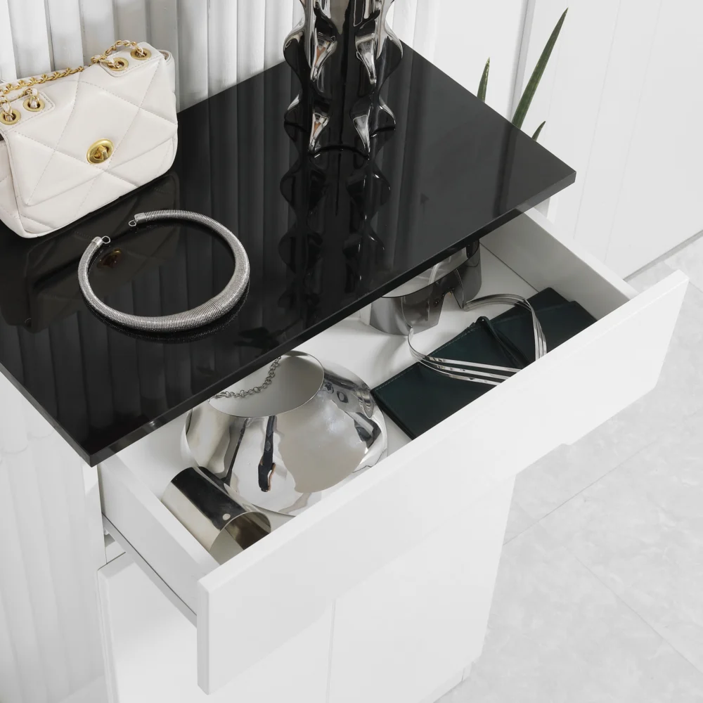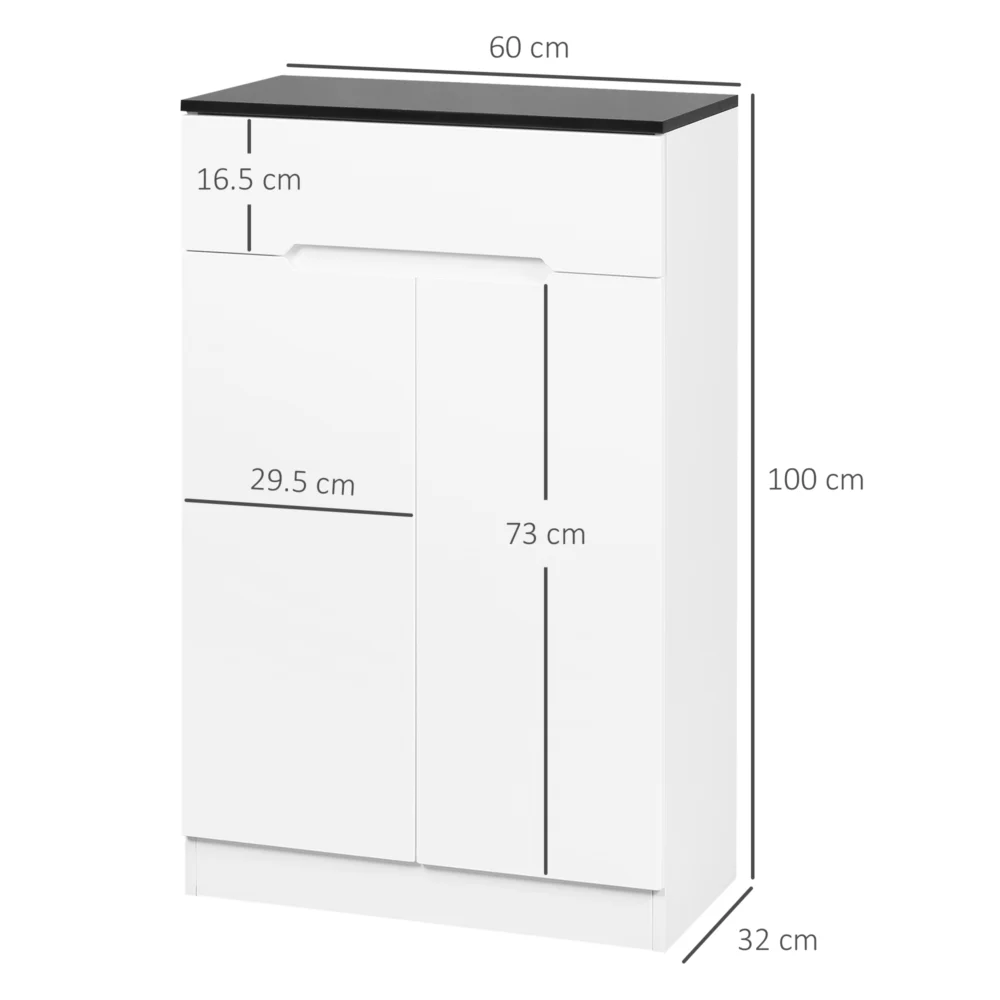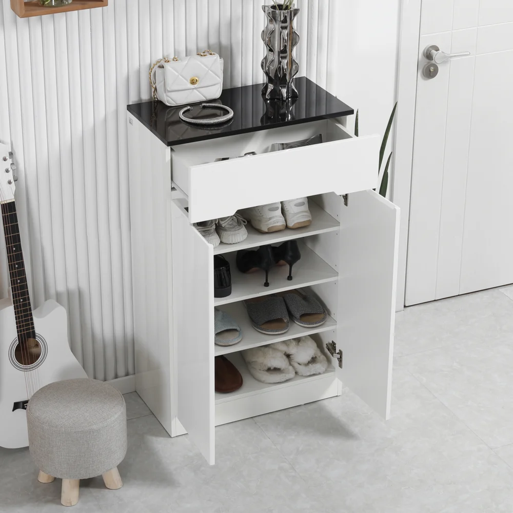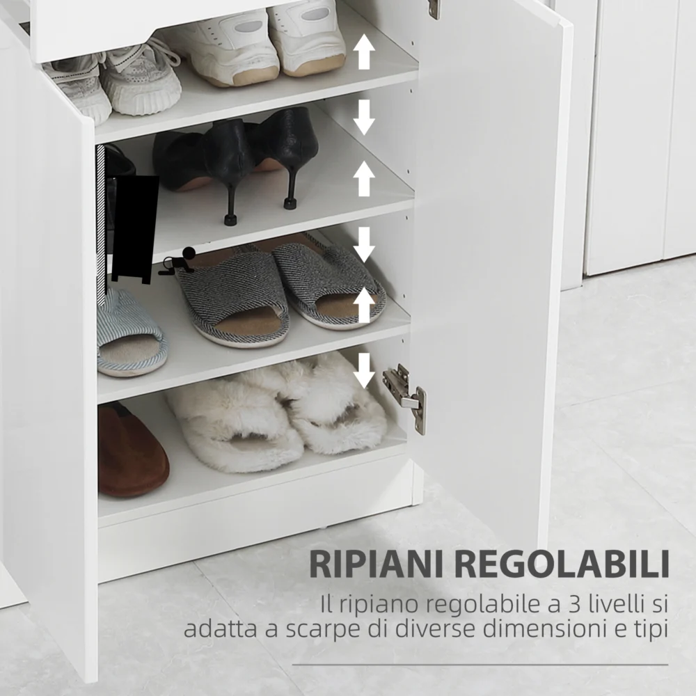 HOMCOM Λεπτή σχάρα παπουτσιών 12 ζευγαριών max για διαδρόμους με 3 ρυθμιζόμενα ράφια και συρτάρι, σε λευκό μοριοσανίδα, 60x32x100 cm 837-288V00WT
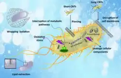Recently, carbon-nanotubes have been shown to have antibacterial properties. They disrupt normal bacterial function by causing physical/mechanical damage, facilitating oxidative stress or lipid extraction, inhibiting bacterial metabolism, and isolating functional sites via wrapping with CNM-containing nanomaterials.[93]
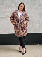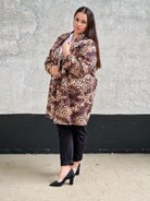 Szukasz okrycia, które doda charakteru każdej stylizacji? Ten płaszcz w modny, zwierzęcy print to strzał w dziesiątkę! 🖤 Idealny na chłodniejsze dni – nie tylko grzeje, ale także przyciąga spojrzenia. Klasyczny krój z kołnierzem i zapięciem na guziki sprawia, że płaszcz jest niezwykle wygodny, a jednocześnie bardzo kobiecy.
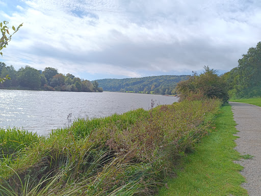 Ein ebener asphaltierter Weg führt um den See herum,...
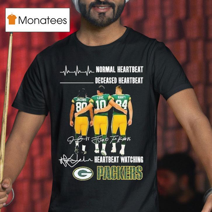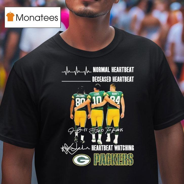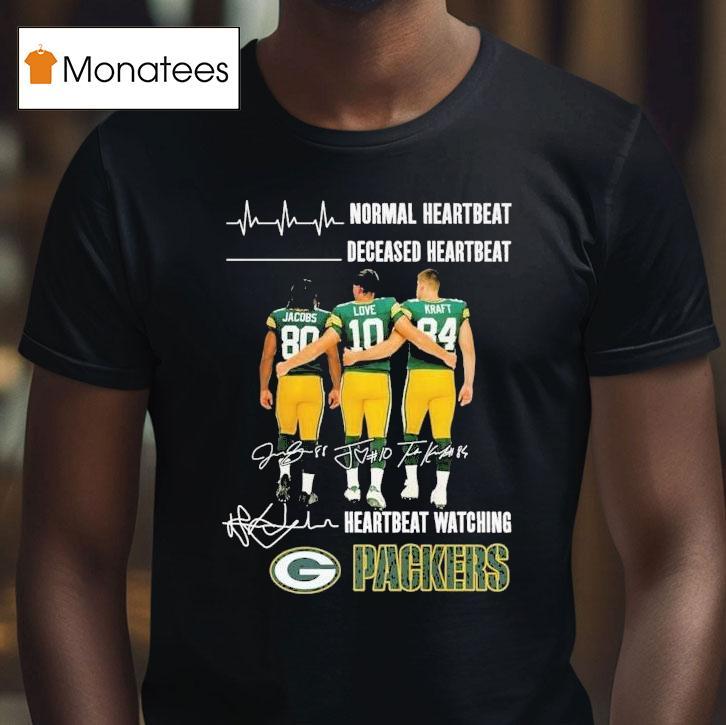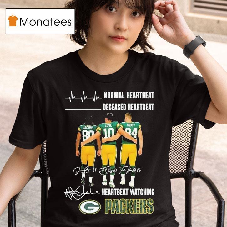 Casual sophistication with Josh Jacobs Jordan Love And Tucker Kraft Normal Heartbeat Deceased Heartbeat Heartbeat Watching Green Bay Packers Signatures Shirt, the exciting world of football has been buzzing with news of Josh Jacobs, Jordan Love and Tucker Kraft. But amidst the hype, one story stands out – the heartwarming tale of a normal heartbeat, a deceased heartbeat and a heartbeat watching as the Green Bay Packers sign their signatures on a special shirt.
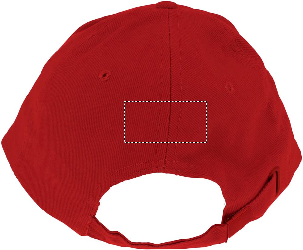 6 panel baseball cap in brushed cotton 260 gr/m2  with antique copper finish metal clips on adjustable strap closure. 6 stitched eyelets in matching colour. Size 7 1/4.
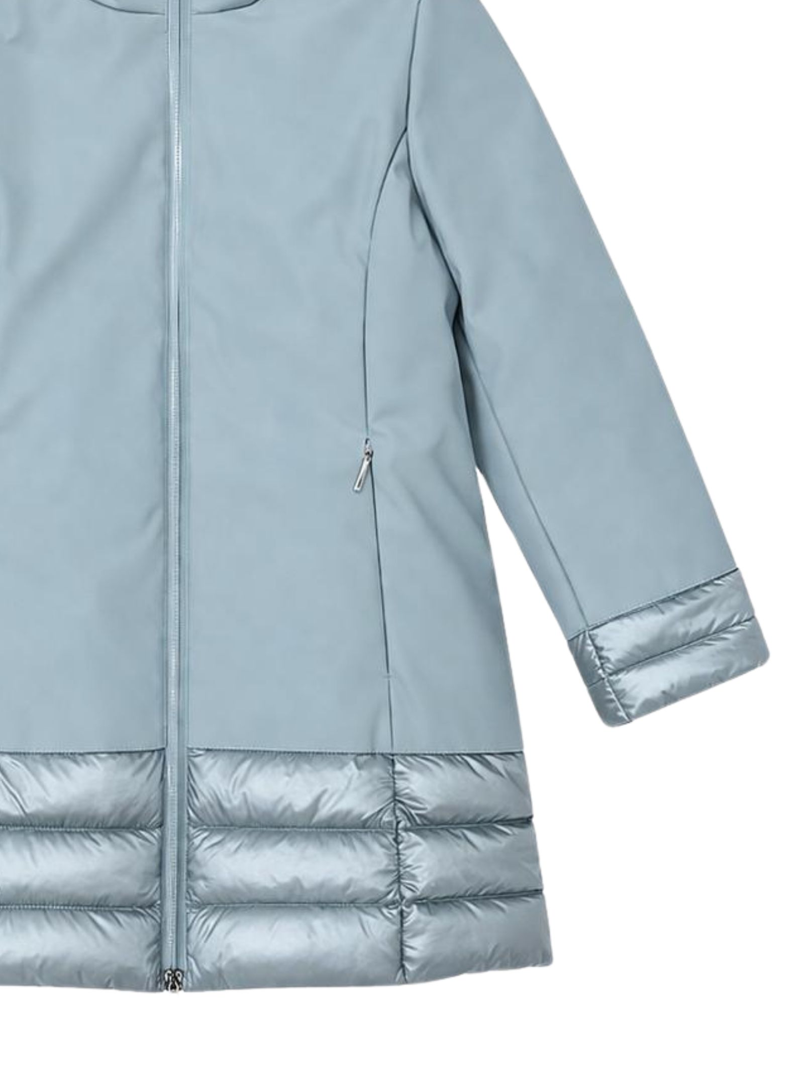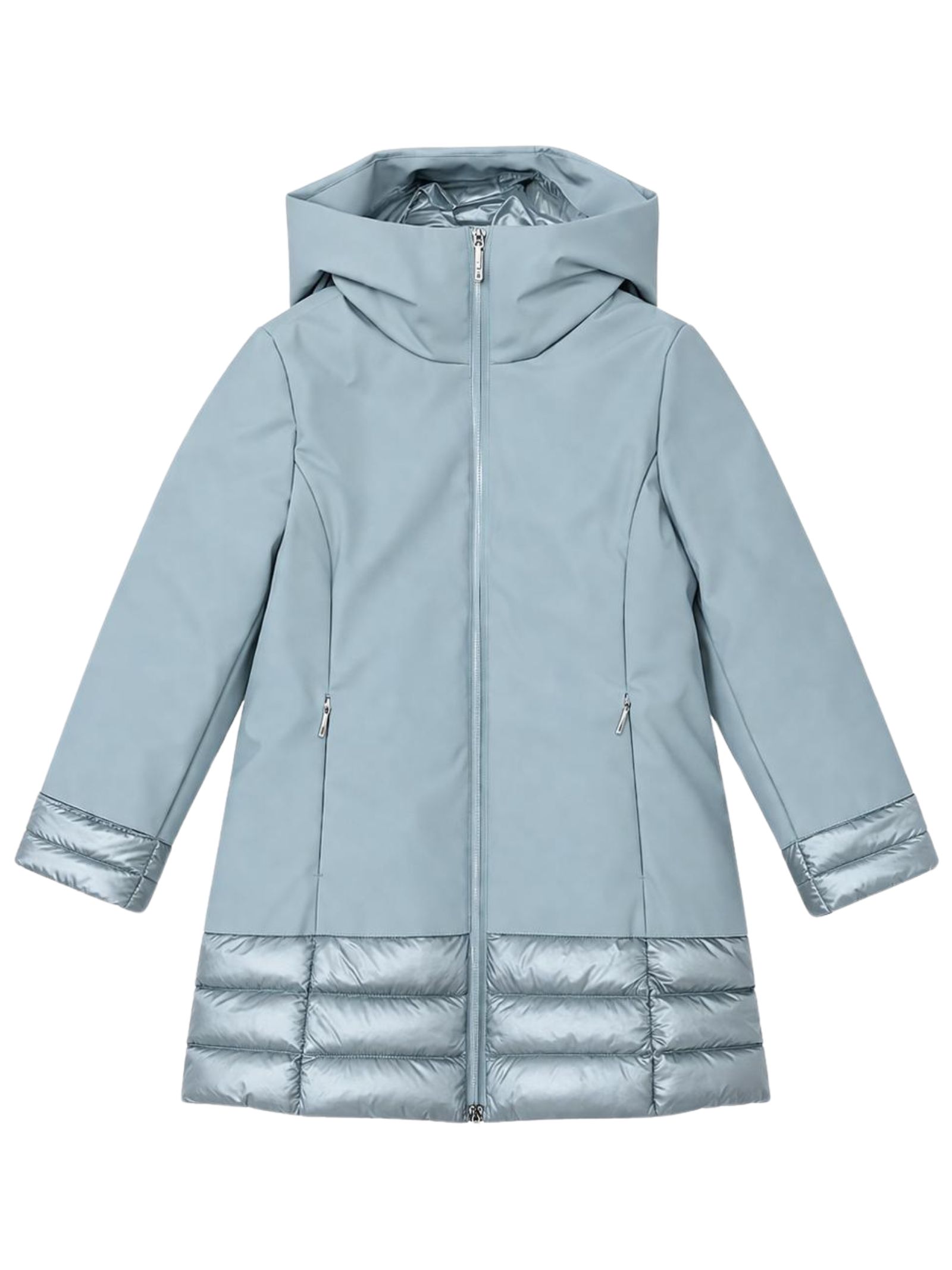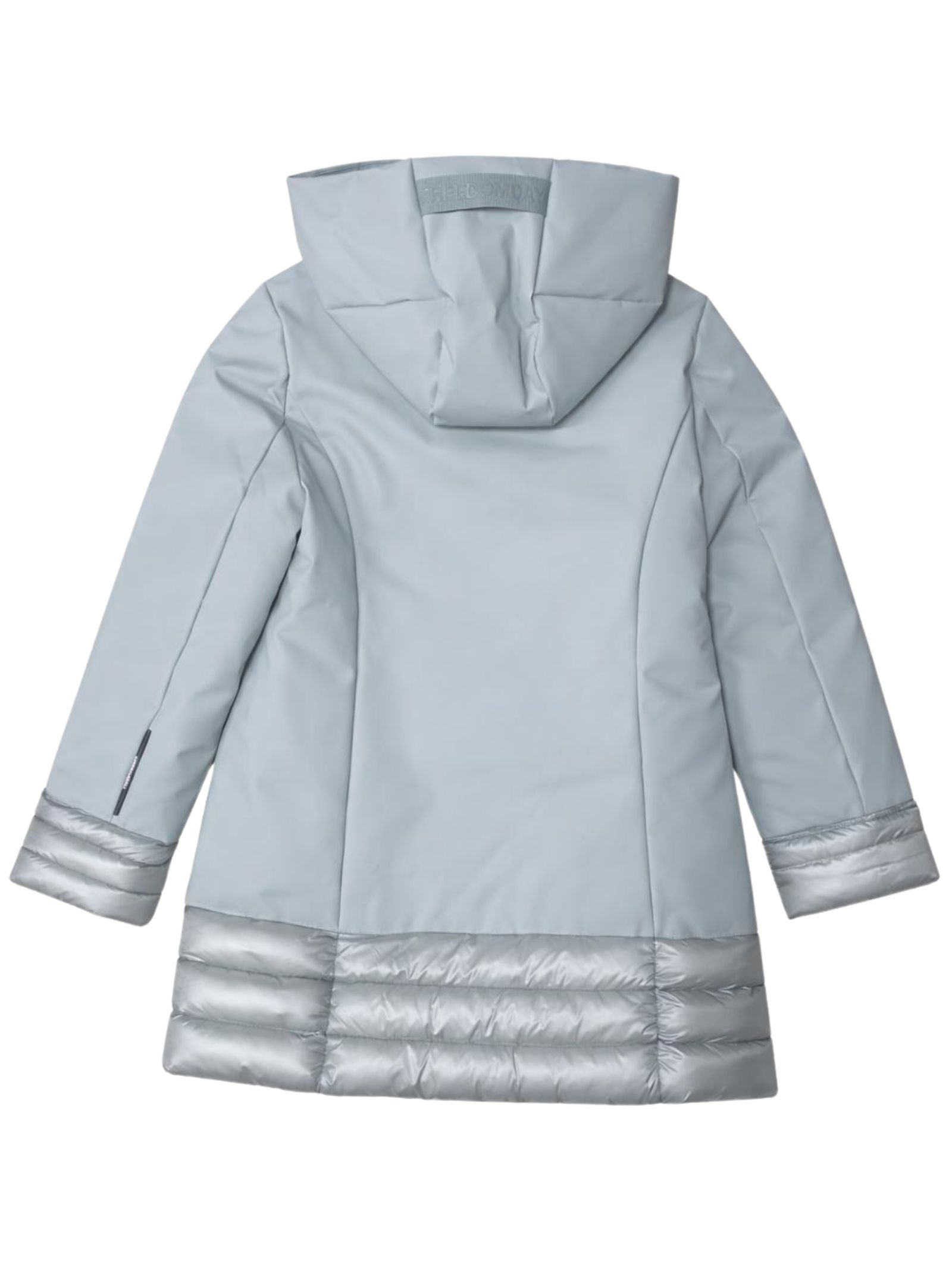 Freedomday Kids giubbino di colore verde pastello, modello con cappuccio e zip centrale, due tasche con zip, parti trapuntate e lucide realizzate in un pregiato nylon e brillante e parti lisce e opache realizzate in softshell, waterrepellent e windproof. Composizione: 100% Poliestere. Imbottitura: 100% Poliestere
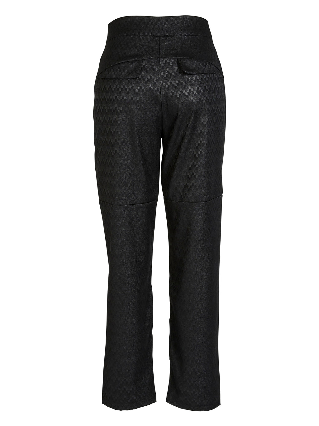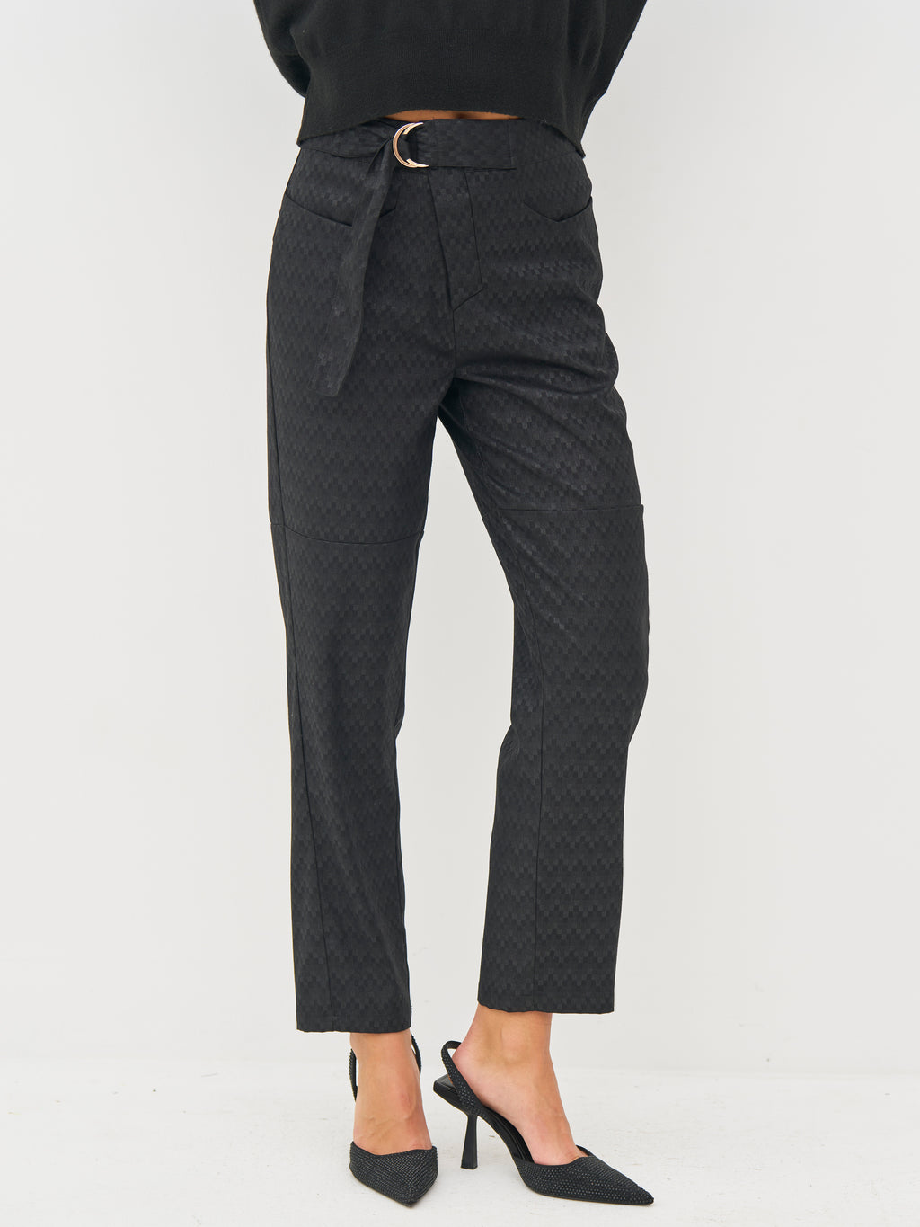 Bukserne har et diskret, men markant mønster, som giver stoffet et eksklusivt udtryk. De lige ben og den faste linning skaber en elegant silhuet, mens bælte med D-ring tilføjer et stilfuldt element og sikrer en justerbar pasform. Forlommerne er funktionelle, og de paspolerede lommer bagpå fuldender det gennemførte design. Søm ved knæet giver ekstra struktur.
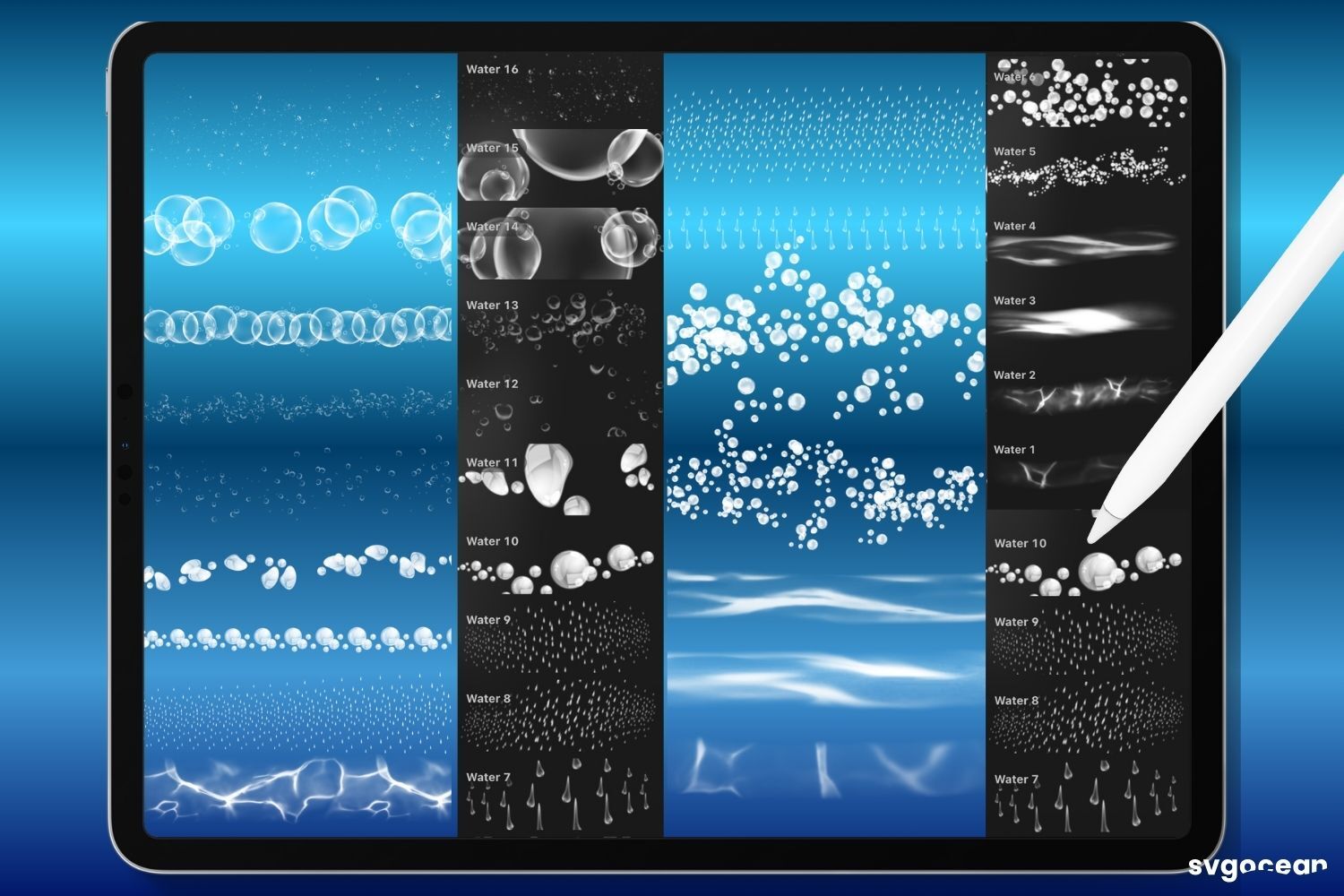 Water Procreate Brushes Clean and easy to use Stamps are to be used with the program PROCREATE on the a iPad with an Apple Pencil. You can use these in any color or opacity, Instant Download in .brushset format Please note it is ONLY compatible with the Procreate App. Files you will receive: 1 .brushset file How to use: 1. After the purchase / payment confirmation you will receive an email with the download link. 2. Download the files. 3. In the Procreate app tap on "+" and import your brushes.

- _Instructions for the task_
All lines from the one containing "Bukserne har et" through the end of the data are to be written out exactly, with nothing added; skip the pictures.

- _Written solution_
 Bukserne har et diskret, men markant mønster, som giver stoffet et eksklusivt udtryk. De lige ben og den faste linning skaber en elegant silhuet, mens bælte med D-ring tilføjer et stilfuldt element og sikrer en justerbar pasform. Forlommerne er funktionelle, og de paspolerede lommer bagpå fuldender det gennemførte design. Søm ved knæet giver ekstra struktur.
 Water Procreate Brushes Clean and easy to use Stamps are to be used with the program PROCREATE on the a iPad with an Apple Pencil. You can use these in any color or opacity, Instant Download in .brushset format Please note it is ONLY compatible with the Procreate App. Files you will receive: 1 .brushset file How to use: 1. After the purchase / payment confirmation you will receive an email with the download link. 2. Download the files. 3. In the Procreate app tap on "+" and import your brushes.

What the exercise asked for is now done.